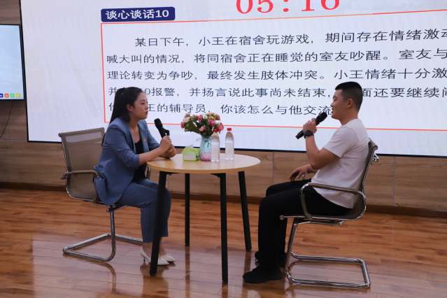 本次大赛对标山东高校辅导员素质能力大赛赛制,自2024年4月开始,分初赛、决赛两个阶段进行,全体辅导员积极备赛参赛。初赛阶段,基础知识测试、理论宣讲两个环节重点考查辅导员的知识储备、理论功底和宣讲能力,得分排名前10的选手晋级决赛。决赛阶段,案例研讨、谈心谈话两个环节,内容涉及思想引领、学风建设、心理健康教育、日常事务管理等辅导员常规工作,重点考查辅导员分析问题、研判问题、解决问题的能力。赛场上,选手们以扎实的基本功冷静答题、沉着应对,展示出了良好的理论水平、丰富的实战经验和积极的精神风貌。
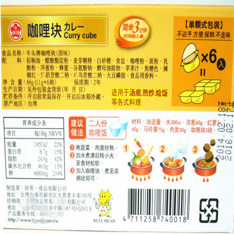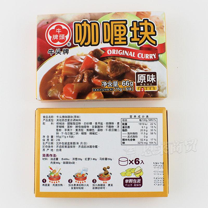 Taiwan imported cattle head card curry block original taste 66g Indian curry boxed block curry rice curry chicken seasoning
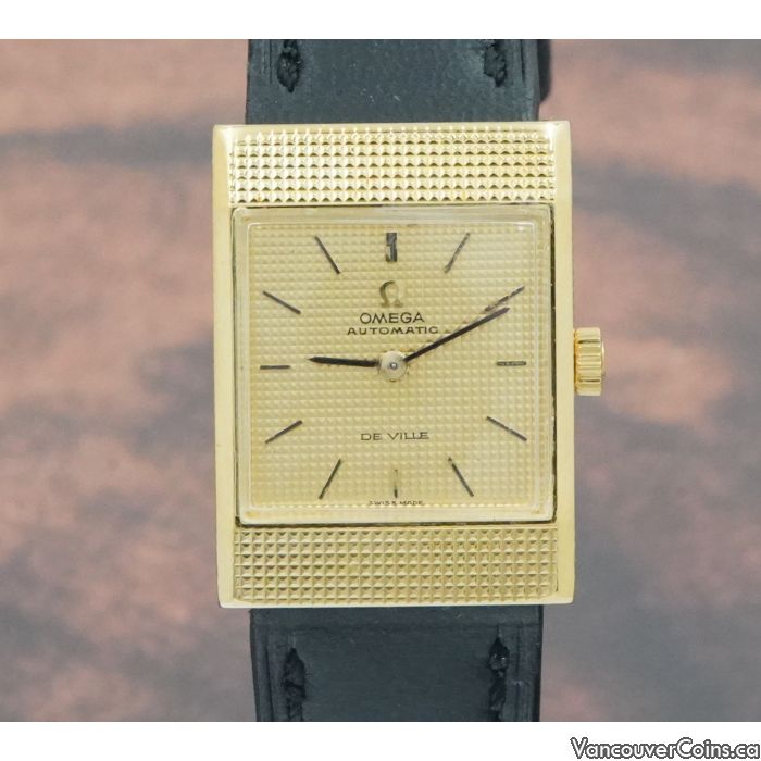 Omega De Ville Automatic (Cal. 661) – Unique Guilloché 18K Yellow Gold, Rectangular Case
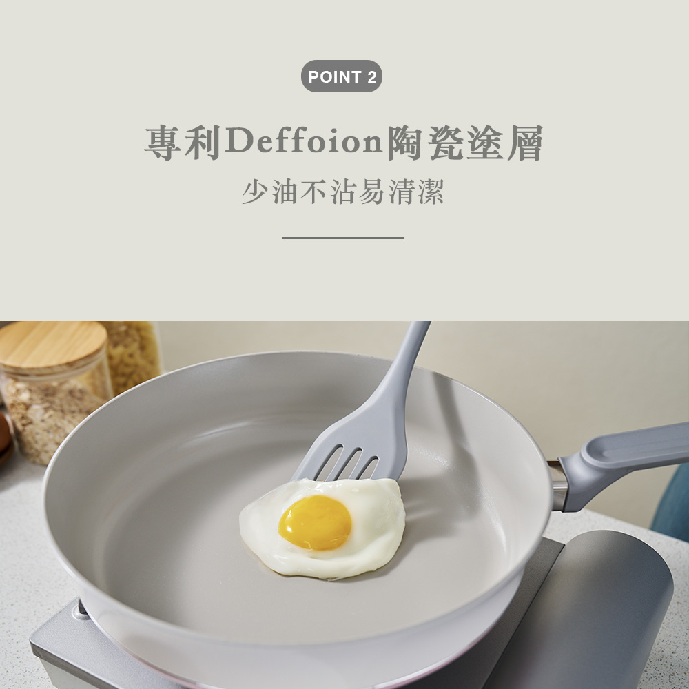 1.內層使用專利(Deffoion)陶瓷塗層,少油不沾易清潔

TASK ITEM
Every line above should be reproduced exactly, please, with no pictures included.

THE ANSWER
 本次大赛对标山东高校辅导员素质能力大赛赛制,自2024年4月开始,分初赛、决赛两个阶段进行,全体辅导员积极备赛参赛。初赛阶段,基础知识测试、理论宣讲两个环节重点考查辅导员的知识储备、理论功底和宣讲能力,得分排名前10的选手晋级决赛。决赛阶段,案例研讨、谈心谈话两个环节,内容涉及思想引领、学风建设、心理健康教育、日常事务管理等辅导员常规工作,重点考查辅导员分析问题、研判问题、解决问题的能力。赛场上,选手们以扎实的基本功冷静答题、沉着应对,展示出了良好的理论水平、丰富的实战经验和积极的精神风貌。
 Taiwan imported cattle head card curry block original taste 66g Indian curry boxed block curry rice curry chicken seasoning
 Omega De Ville Automatic (Cal. 661) – Unique Guilloché 18K Yellow Gold, Rectangular Case
 1.內層使用專利(Deffoion)陶瓷塗層,少油不沾易清潔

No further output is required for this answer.